THE sharemarket rose almost 1 per cent in the second day of gains, as markets recovered from last week's massive losses on hopes of a solution to Europe's debt crisis.

However, investors remained unsure whether a solution to the crisis could be found amid conflicting media reports. IG Markets' dealer Chris Weston said the local market was "delicately poised".

Investor confidence that Europe would announce fresh measures to stave off contagion of a Greek default, including expanding its European Financial Stability Fund, unravelled somewhat, he said.

The benchmark S&P/ASX200 index rose 34.9 points, or 0.87 per cent, to close at 4039.5, while the broader All Ordinaries index put on 34.2 points to 4097.7.

Patersons Securities associate director John Curtin said a rise in commodity prices overnight had kept the market in recovery mode after last week's massive losses.

Consumer discretionary stocks led the market, closing 1.4 per cent higher, with department store giant David Jones gaining 4.6 per cent to $2.93 and fellow retailer Myer rising 4.5 per cent to $2.10.

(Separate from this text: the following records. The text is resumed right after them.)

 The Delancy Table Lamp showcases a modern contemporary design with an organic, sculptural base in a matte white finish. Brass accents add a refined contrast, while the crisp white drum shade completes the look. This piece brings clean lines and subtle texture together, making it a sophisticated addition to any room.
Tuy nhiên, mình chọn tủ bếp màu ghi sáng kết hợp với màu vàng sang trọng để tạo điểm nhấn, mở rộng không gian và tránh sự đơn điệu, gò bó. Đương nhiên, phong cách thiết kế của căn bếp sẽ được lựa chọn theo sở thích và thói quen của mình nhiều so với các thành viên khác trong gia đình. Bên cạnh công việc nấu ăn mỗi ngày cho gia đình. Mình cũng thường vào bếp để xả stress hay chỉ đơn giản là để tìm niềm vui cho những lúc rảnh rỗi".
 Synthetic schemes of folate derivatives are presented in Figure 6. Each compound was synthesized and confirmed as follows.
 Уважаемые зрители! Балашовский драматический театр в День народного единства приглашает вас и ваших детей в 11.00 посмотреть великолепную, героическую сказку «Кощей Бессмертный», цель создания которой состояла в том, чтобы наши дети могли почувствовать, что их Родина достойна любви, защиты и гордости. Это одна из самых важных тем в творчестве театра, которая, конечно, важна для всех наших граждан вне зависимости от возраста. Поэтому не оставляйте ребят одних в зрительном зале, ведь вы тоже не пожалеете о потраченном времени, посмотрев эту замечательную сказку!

There were broad-based gains across all sectors except for health care stocks, which lost 0.2 per cent. Energy stocks rose 1.4 per cent after world oil prices soared on Tuesday night, mirroring gains on world equity markets. Woodside Petroleum gained 3.5 per cent, or $1.08, to $31.94 and Santos added 3? to $11.06.

But RBS Morgans senior equities adviser Geoff Voller said trade had been sluggish and volumes relatively light given a strong lead from global markets overnight.

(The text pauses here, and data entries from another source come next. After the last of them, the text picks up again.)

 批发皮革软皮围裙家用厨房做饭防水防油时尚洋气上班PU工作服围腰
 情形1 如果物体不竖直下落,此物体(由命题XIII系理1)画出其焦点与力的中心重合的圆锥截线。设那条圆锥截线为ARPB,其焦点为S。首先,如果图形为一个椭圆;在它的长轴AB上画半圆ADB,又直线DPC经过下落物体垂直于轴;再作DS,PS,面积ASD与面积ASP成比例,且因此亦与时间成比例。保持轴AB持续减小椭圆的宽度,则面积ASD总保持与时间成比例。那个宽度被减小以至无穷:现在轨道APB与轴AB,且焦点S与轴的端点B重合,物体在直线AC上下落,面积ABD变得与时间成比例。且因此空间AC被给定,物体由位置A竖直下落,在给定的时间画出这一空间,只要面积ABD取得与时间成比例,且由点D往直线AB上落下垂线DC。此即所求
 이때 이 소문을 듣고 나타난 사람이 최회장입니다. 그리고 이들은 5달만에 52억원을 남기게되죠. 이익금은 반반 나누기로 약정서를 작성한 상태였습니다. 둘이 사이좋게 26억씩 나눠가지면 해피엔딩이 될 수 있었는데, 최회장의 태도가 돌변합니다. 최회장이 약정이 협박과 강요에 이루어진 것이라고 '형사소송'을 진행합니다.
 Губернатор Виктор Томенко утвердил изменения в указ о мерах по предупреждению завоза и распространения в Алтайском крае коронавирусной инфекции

Turnover was 2.22 billion shares changing hands for $6.03 billion, with almost seven of every 10 stocks rising. "It was a bit of a disappointing reaction but given the uncertainty in Europe I suppose it's not too surprising," he said.

"There's just no real volume or confidence in the market," he said.

Chemical manufacturer Orica's shares jumped 3.7 per cent to $23.20 despite higher than permitted mercury vapour levels being detected around its Sydney plant.

Drilling services group Boart Longyear was the best performing stock, gaining 6.1 per cent to $2.80 while Fortescue Metals was the worst, losing 7.9 per cent to $4.52.